== Records provided
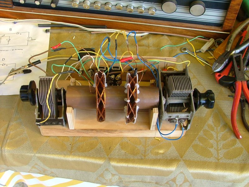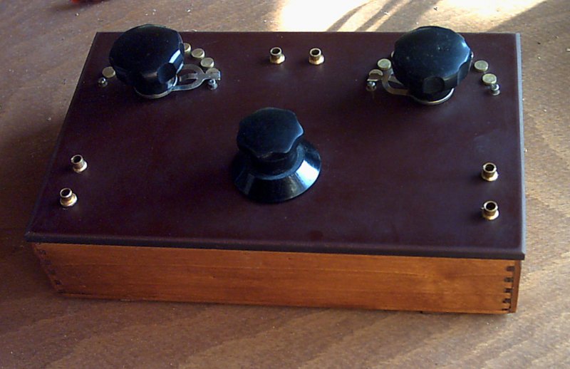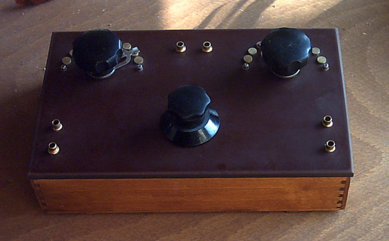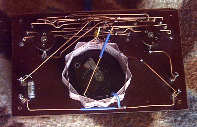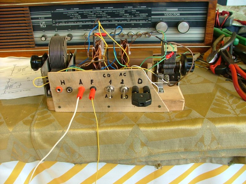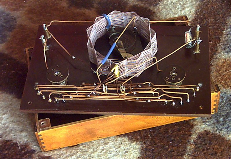 Egy most elkészült detektorosom, már régebben félkészen a honlapomon volt de a belsejével és a beüzemeléssel ma lettem készen. Kosárfonású 200 mikrohenry-s tekercse leágazásokkal készült, így a két kapcsolóval az antennát és a diódát(detektort) külön illeszteni lehet a rezgőkörhöz. A fokozatkapcsolók e célra feláldozott huzalpotencióméterek tengelyéből és csuszkájából készültek. Az érintkezők 4 mm-es sárgaréz szegecsek az 5 mm-es bakelitlapba szoros furatba ragasztva pillanatragasztóval. A képeket az építés fázisairól több részletben töltöm,hogy biztosan feltöltődjön.
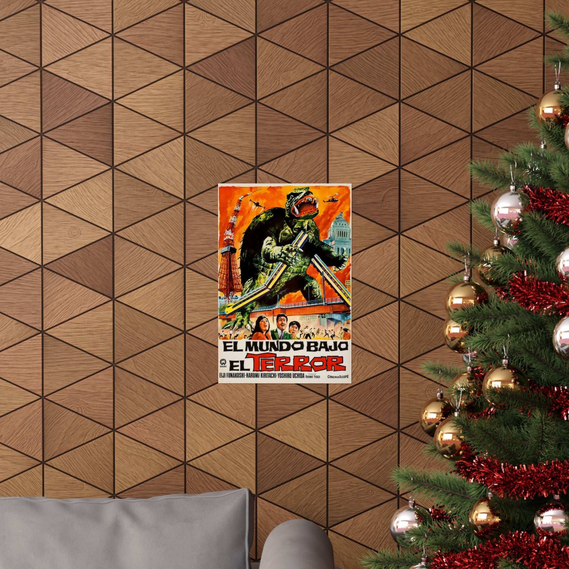 Gamera the Invincible flying turtle saves mankind yet again in the aptly named 'Gamera the Invincible'. This kaiju poster exudes a retro vibe, perfect for fans of classic monster movies. Ideal for movie enthusiasts, sci-fi fans, and kaiju collectors looking to decorate their walls with a unique piece of art. Great for movie nights, sci-fi conventions, and Halloween decorations.
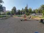 Скудненькая детская площадка. Не безопасно рядом довольно интенсивное движение машин, а также пивной бар.
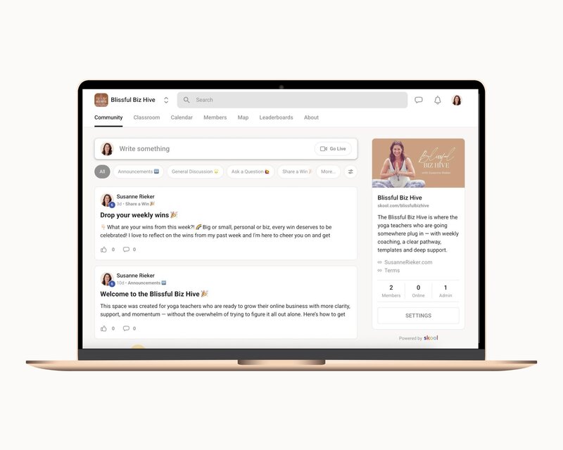 Inside the Blissful Biz Hive, you’ll join a community that’s growing right alongside you. We’re building this space together — a supportive circle of yoga teachers who are refining, launching, and expanding their online businesses with intention.
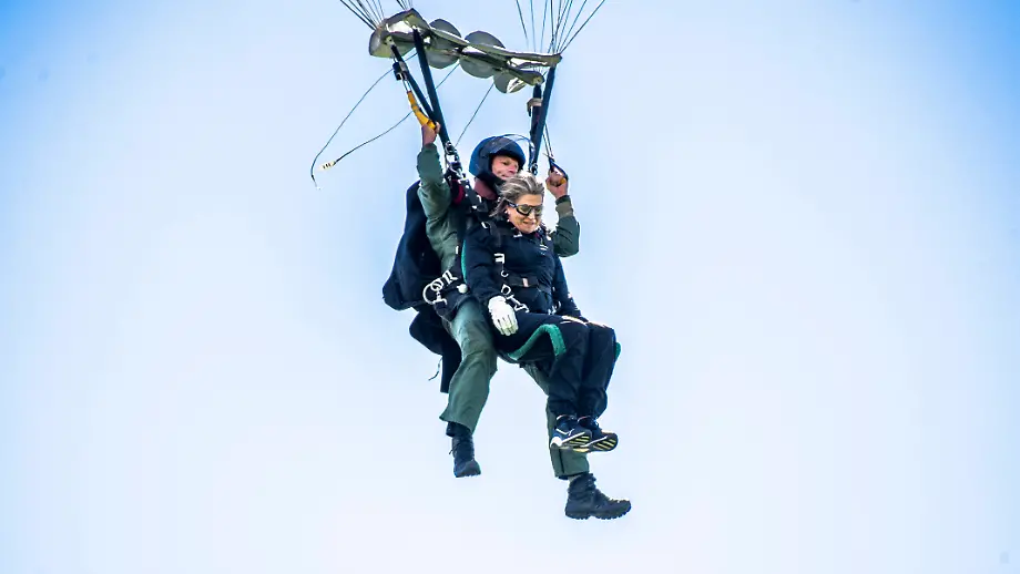 "Habe echt nach Luft gerungen"Königin Maxima wagt Fallschirmsprung
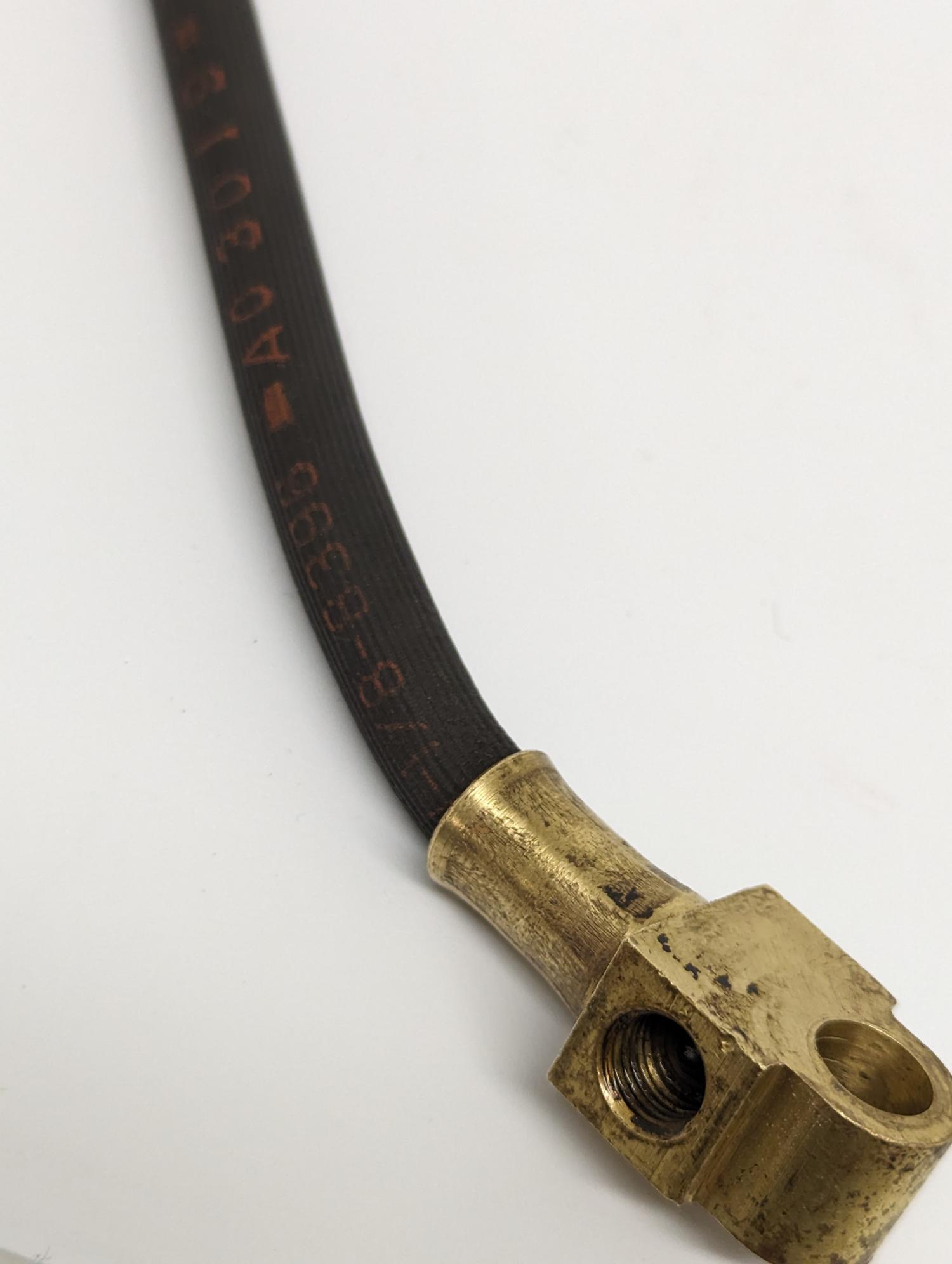 The rear hose came off of a 12 bolt rear end I recently purchased from a hoard and has no cracks or splits it has A03019 printed on it.
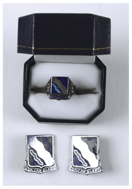 Vintage sterling silver ring with cloisonné inset emblem of the 398th Infantry Division and the division's motto "On the Alert", definitely a period piece. During World War II the 398th pushed through the Vosges from Marseilles, captured Bitche after a hard-fought battle, crossed the Rhine and drove into Germany, taking Odheim and occupying Stuttgart. Sold with two period collar or chest pins and the Aug. 23, 1945 edition of the regiment's newspaper. Along with five maps: the Battle of Bitche, The Battle of Vosges Mountain, The Battle for Heilbronn, "Operations of the 100th Infantry Division in the European Theater of Operation", and one titled "Finale".
====
> _Work instruction_
What is needed is an exact copy of the lines from the line with "Скудненькая детская площадка." to the end of the data above, both included, without any pictures.

> _Response_
 Скудненькая детская площадка. Не безопасно рядом довольно интенсивное движение машин, а также пивной бар.
 Inside the Blissful Biz Hive, you’ll join a community that’s growing right alongside you. We’re building this space together — a supportive circle of yoga teachers who are refining, launching, and expanding their online businesses with intention.
 "Habe echt nach Luft gerungen"Königin Maxima wagt Fallschirmsprung
 The rear hose came off of a 12 bolt rear end I recently purchased from a hoard and has no cracks or splits it has A03019 printed on it.
 Vintage sterling silver ring with cloisonné inset emblem of the 398th Infantry Division and the division's motto "On the Alert", definitely a period piece. During World War II the 398th pushed through the Vosges from Marseilles, captured Bitche after a hard-fought battle, crossed the Rhine and drove into Germany, taking Odheim and occupying Stuttgart. Sold with two period collar or chest pins and the Aug. 23, 1945 edition of the regiment's newspaper. Along with five maps: the Battle of Bitche, The Battle of Vosges Mountain, The Battle for Heilbronn, "Operations of the 100th Infantry Division in the European Theater of Operation", and one titled "Finale".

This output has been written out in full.